AIM OF THE EXERCISE:
Beginning with the line that contains "Kinder bis 10" and ending with the last line of the records, write out each line exactly and omit the pictures.

EXTRACTED DATA:
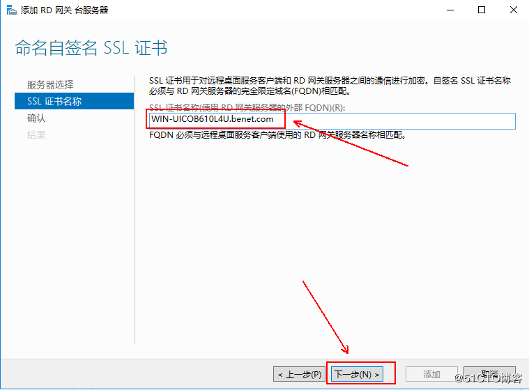 6、這里需要輸入的是RD服務器(也就是這個服務器本身)的完全名稱,然后單擊“下一步,”如下所示:
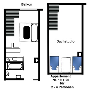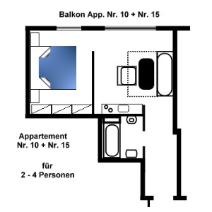 Kinder bis 10 Jahre wohnen im Appartement der Eltern frei.
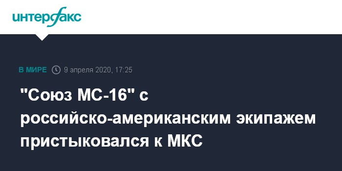Москва. 9 апреля. INTERFAX.RU - Транспортный пилотируемый корабль "Союз МС-16" с российско-американским экипажем пристыковался к Международной космической станции (МКС) в автоматическом режиме, трансляцию полета ведет "Роскосмос".
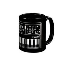 Keramisk kaffemugg med Moog-design, svart finish med klaviaturmotiv, ca 325 ml kapacitet, tålig för daglig...
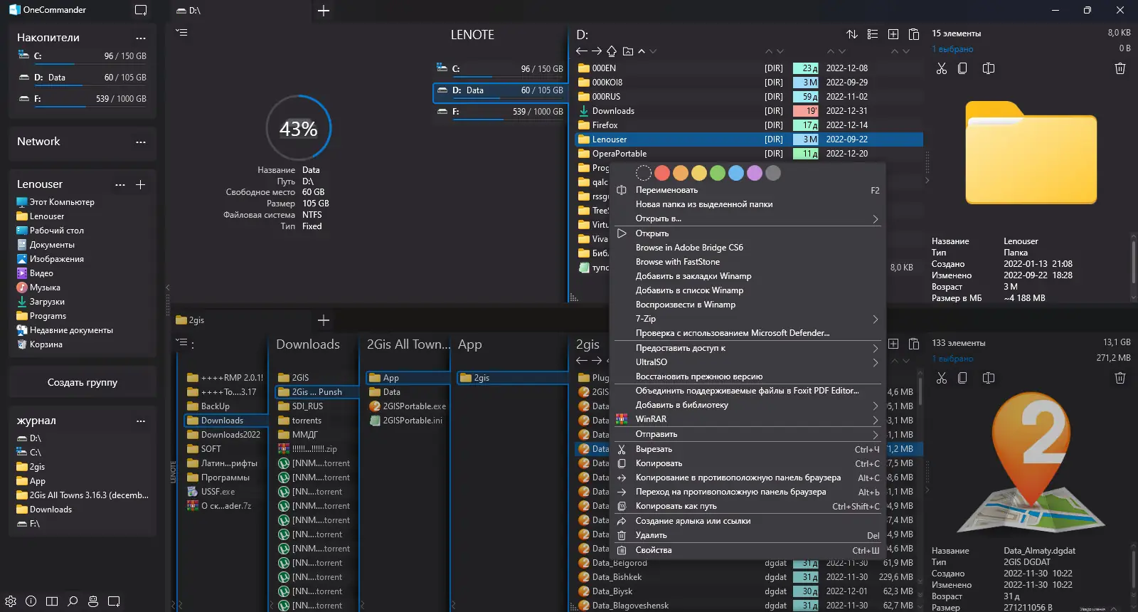 One Commander V3 — это современный файловый менеджер для Windows, сочетающий в себе двойные панели, вкладки, колоночную навигацию и встроенный просмотр файлов. Программа оптимизирует управление файлами, заменяя стандартный проводник эффективным инструментом с интуитивным интерфейсом и расширенными возможностями.
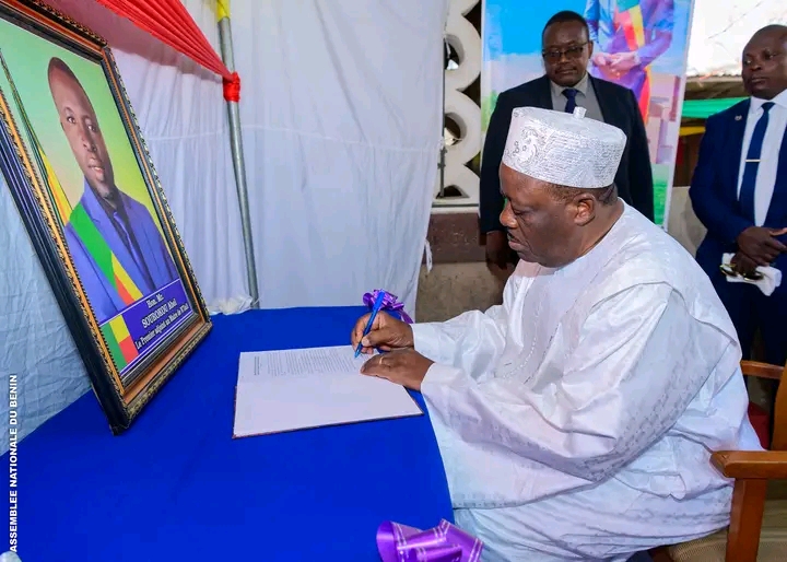 “C’est avec une profonde tristesse que j’ai présidé ce jour à Sirarou, commune de N’Dali, la cérémonie d’hommage organisée par l’Assemblée nationale à la faveur des obsèques de notre regretté collègue député, Abel Sabi SOUROKOU. Mes collègues députés et moi-même avec le concours d’éminentes personnalités de la République qui se sont jointes à nous pour la triste circonstance, avons honoré la mémoire d’un homme remarquable dont la disparition laisse un vide immense au sein de l’institution parlementaire. Je réitère encore une fois la solidarité de la représentation nationale à sa famille et tous ceux qui pleurent sa perte. Puisse Dieu le Père Céleste par son Esprit Saint leur apporter la force et le réconfort dont ils ont besoin dans cette épreuve.Repos éternel à l’âme de Abel ! Amen”.

FINAL ANSWER:
 Kinder bis 10 Jahre wohnen im Appartement der Eltern frei.
Москва. 9 апреля. INTERFAX.RU - Транспортный пилотируемый корабль "Союз МС-16" с российско-американским экипажем пристыковался к Международной космической станции (МКС) в автоматическом режиме, трансляцию полета ведет "Роскосмос".
 Keramisk kaffemugg med Moog-design, svart finish med klaviaturmotiv, ca 325 ml kapacitet, tålig för daglig...
 One Commander V3 — это современный файловый менеджер для Windows, сочетающий в себе двойные панели, вкладки, колоночную навигацию и встроенный просмотр файлов. Программа оптимизирует управление файлами, заменяя стандартный проводник эффективным инструментом с интуитивным интерфейсом и расширенными возможностями.
 “C’est avec une profonde tristesse que j’ai présidé ce jour à Sirarou, commune de N’Dali, la cérémonie d’hommage organisée par l’Assemblée nationale à la faveur des obsèques de notre regretté collègue député, Abel Sabi SOUROKOU. Mes collègues députés et moi-même avec le concours d’éminentes personnalités de la République qui se sont jointes à nous pour la triste circonstance, avons honoré la mémoire d’un homme remarquable dont la disparition laisse un vide immense au sein de l’institution parlementaire. Je réitère encore une fois la solidarité de la représentation nationale à sa famille et tous ceux qui pleurent sa perte. Puisse Dieu le Père Céleste par son Esprit Saint leur apporter la force et le réconfort dont ils ont besoin dans cette épreuve.Repos éternel à l’âme de Abel ! Amen”.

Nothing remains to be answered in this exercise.